▸ GIVEN MATERIAL:
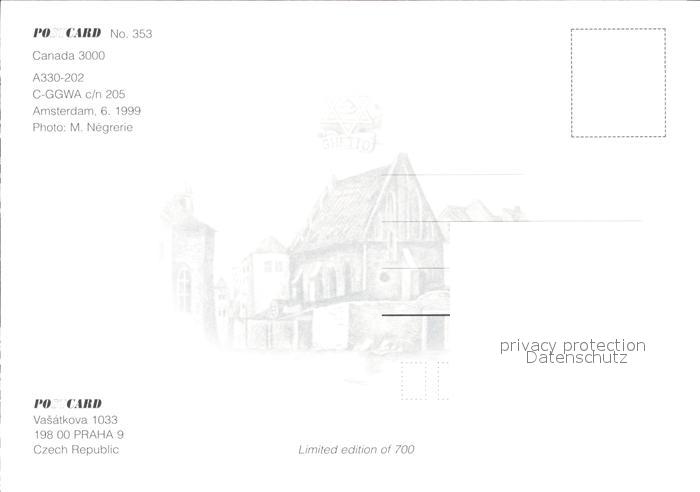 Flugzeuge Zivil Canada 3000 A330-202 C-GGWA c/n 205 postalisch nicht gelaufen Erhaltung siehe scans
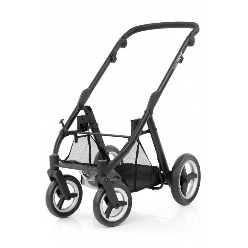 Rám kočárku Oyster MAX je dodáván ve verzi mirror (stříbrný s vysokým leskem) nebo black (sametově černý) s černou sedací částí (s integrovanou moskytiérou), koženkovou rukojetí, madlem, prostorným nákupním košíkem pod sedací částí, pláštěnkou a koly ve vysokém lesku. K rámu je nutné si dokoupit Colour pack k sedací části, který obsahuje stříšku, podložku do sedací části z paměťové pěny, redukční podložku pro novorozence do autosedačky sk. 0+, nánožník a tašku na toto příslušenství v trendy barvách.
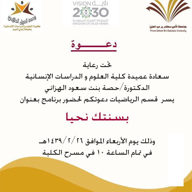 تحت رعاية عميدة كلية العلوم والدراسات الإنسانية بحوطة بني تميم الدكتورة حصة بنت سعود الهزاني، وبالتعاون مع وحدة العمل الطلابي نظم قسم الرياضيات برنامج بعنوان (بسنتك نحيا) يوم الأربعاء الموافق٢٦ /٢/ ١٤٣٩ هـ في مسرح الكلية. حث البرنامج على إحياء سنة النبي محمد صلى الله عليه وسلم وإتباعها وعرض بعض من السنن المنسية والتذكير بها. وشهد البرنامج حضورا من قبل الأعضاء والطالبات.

▸ WORK INSTRUCTIONS: Repeat the data exactly, without the pictures.

▸ ANSWER TO THIS TASK:
 Flugzeuge Zivil Canada 3000 A330-202 C-GGWA c/n 205 postalisch nicht gelaufen Erhaltung siehe scans
 Rám kočárku Oyster MAX je dodáván ve verzi mirror (stříbrný s vysokým leskem) nebo black (sametově černý) s černou sedací částí (s integrovanou moskytiérou), koženkovou rukojetí, madlem, prostorným nákupním košíkem pod sedací částí, pláštěnkou a koly ve vysokém lesku. K rámu je nutné si dokoupit Colour pack k sedací části, který obsahuje stříšku, podložku do sedací části z paměťové pěny, redukční podložku pro novorozence do autosedačky sk. 0+, nánožník a tašku na toto příslušenství v trendy barvách.
 تحت رعاية عميدة كلية العلوم والدراسات الإنسانية بحوطة بني تميم الدكتورة حصة بنت سعود الهزاني، وبالتعاون مع وحدة العمل الطلابي نظم قسم الرياضيات برنامج بعنوان (بسنتك نحيا) يوم الأربعاء الموافق٢٦ /٢/ ١٤٣٩ هـ في مسرح الكلية. حث البرنامج على إحياء سنة النبي محمد صلى الله عليه وسلم وإتباعها وعرض بعض من السنن المنسية والتذكير بها. وشهد البرنامج حضورا من قبل الأعضاء والطالبات.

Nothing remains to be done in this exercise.